I’ve currently got a query that selects metrics data from two tables whilst getting the projects to query from two other tables (one is owned projects, the other is projects to which the user has access).
SELECT v.`projectID`,
(SELECT COUNT(m.`session`)
FROM `metricData` m
WHERE m.`projectID` = v.`projectID`) AS `sessions`,
(SELECT COUNT(pb.`interact`)
FROM `interactionData` pb WHERE pb.`projectID` = v.`projectID` GROUP BY pb.`projectID`) AS `interactions`
FROM `medias` v
LEFT JOIN `projectsExt` pa ON v.`projectsExtID` = pa.`projectsExtID`
WHERE (pa.`user` = '1' OR v.`ownerUser` = '1')
GROUP BY v.`projectID`
It takes too long, 1-2seconds. This is obviously the multi left-join scenario. But, I’ve got a couple of ideas to improve speed and wondered what the thoughts were in principle. Do I:-
- Try and select the list in the query and then get the data, rather than doing the joins. Not sure how this would work.
- Do a select in a separate query to get the projectIDs and then run queries on each projectID afterwards. This may lead to hundreds of potentially thousands of requests, but may be better for the processing?
- Other ideas?
There’s two questions here:
To answer #1 properly there has to be more information. Technical information, such as the explain plan for this particular query is a good start. Even better if we’d have the SHOW CREATE TABLE of all tables that you access, as well as the number of rows they contain.

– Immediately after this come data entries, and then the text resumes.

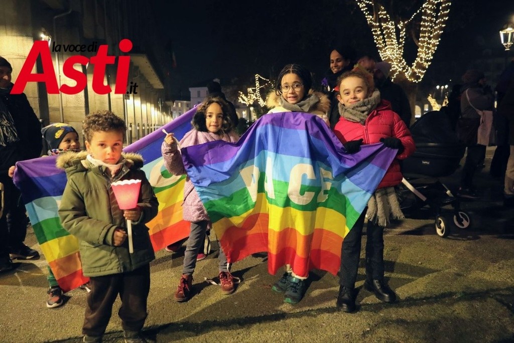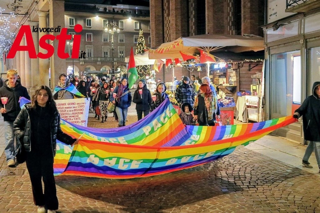Il percorso, accompagnato da bandiere della pace e canzoni a tema come Imagine di John Lennon e Generale di Francesco De Gregori, è partito da piazza San Secondo verso la prefettura di piazza Alfieri, piazza Roma, terminando in piazza Cattedrale.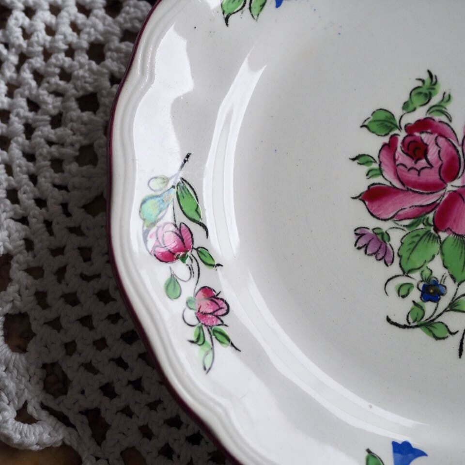 19世紀・リュネヴィルのバラの小皿" Réverbère"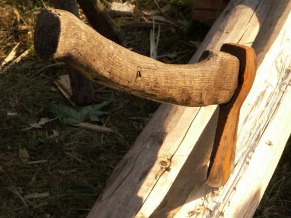 - Определяется заготовка, из которой будет сделано топорище. Диаметр ее должен быть не менее 13 см, а длина на 20 см длиннее окончательного варианта;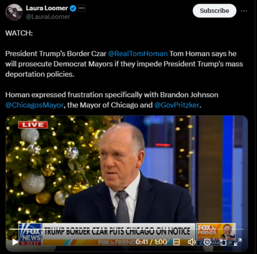 Incoming Border Czar Tom Homan promised to prosecute any elected Democrat who illegally obstructs President Trump’s mass deportations. Homan’s remarks referenced Chicago Mayor Brandon Johnson and Illinois Governor JB Pritzker, who have been outspoken about their willingness to obstruct President Trump’s secure border policies. Elected Democrats at all levels are planning to legally and illegally […]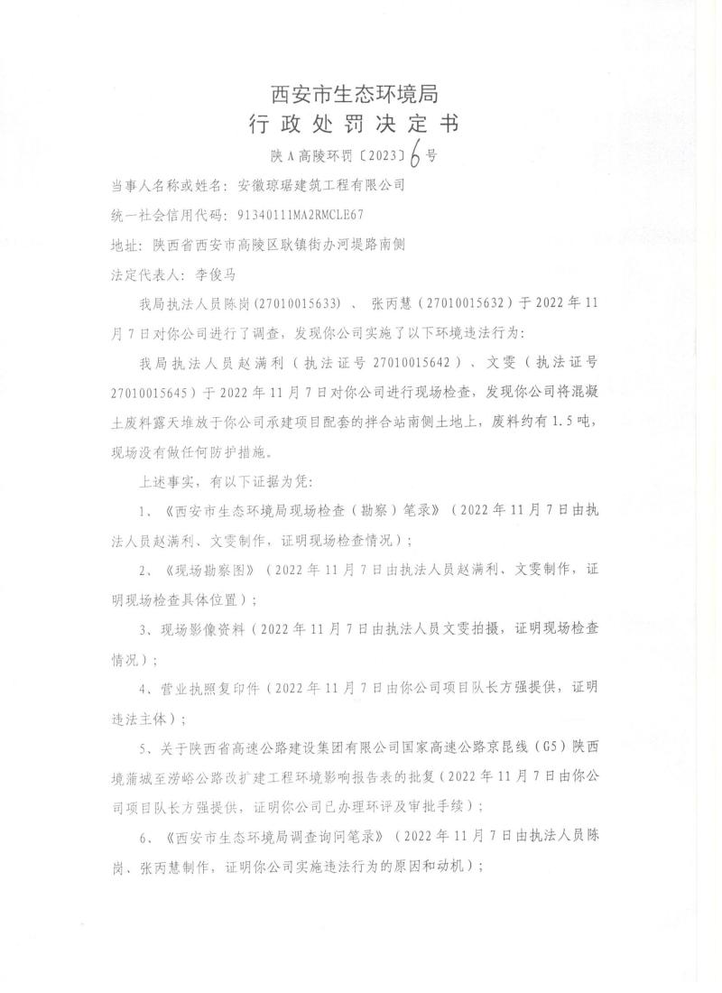 西安市生態環境局行政處罰決定書陜A高陵環罰〔2023〕6號

But I’d also appreciate more functional information: what exactly is the question you’re trying to answer? Right now, it seems you’re looking at two different sets of medias:
By lack of enough information to answer #1, I can answer #2 – “how to avoid a left join”. Answer is: write a UNION of the two sets, one where there is a match and one where there isn’t a match.